> Most of what we're building out at this point is the inference [...] We're profitable on inference. If we didn't pay for training, we'd be a very profitable company.
> Most of what we're building out at this point is the inference [...] We're profitable on inference. If we didn't pay for training, we'd be a very profitable company.
They have to build the next model, or else people will go to someone else.
Our software house spends a lot on R&D sure, but we're still incredibly profitable all the same. If OpenAI is in a position where they effectively have to stop iterating the product to be profitable, I wouldn't call that a very good place to be when you're on the verge of having several hundred billion in debt.
However this does not work as well if your fixed (non-unit) cost is growing exponentially. You can’t get out of this unless your user base grows exponentially or the customer value (and price) per user grows exponentially.
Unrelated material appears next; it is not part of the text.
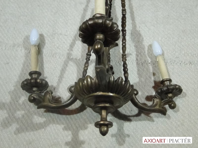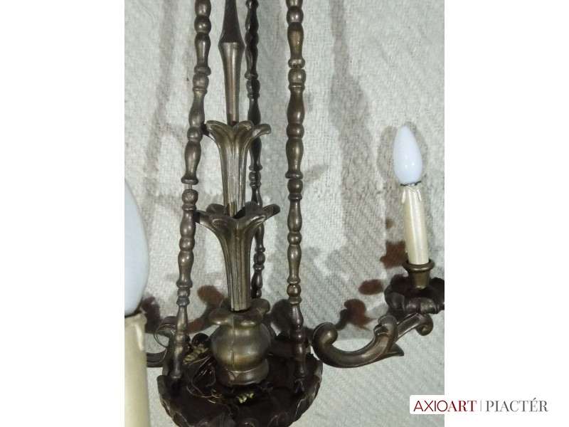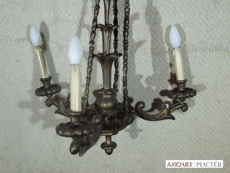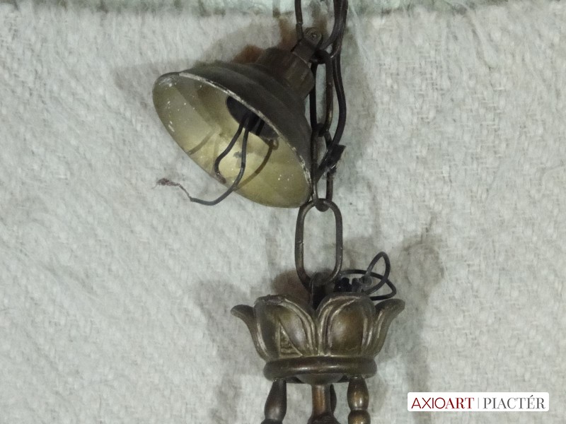 Nagyon szép, igazán régi faragott fa díszekkel rendelkező 3 karos csillár, mennyezeti lámpa.

I think this is what Altman is saying - this is an unusual situation: unit economy is positive but fixed costs are exploding faster than economy if scale can absorb it.
You can say it’s splitting hair, but insightful perspective often requires teasing things apart.
We know that businesses with tight network effects can grow to about 2 trillion in valuation.
Facebook marginalized linkedin and sent twitter into a niche.
Internet Explorer and Windows destroyed competition, for a long while.
Google Search marginalized everyone for over 20 years.
These are multi-trillion-dollar businesses. If OpenAI creates a network effect of some sort they can join the league.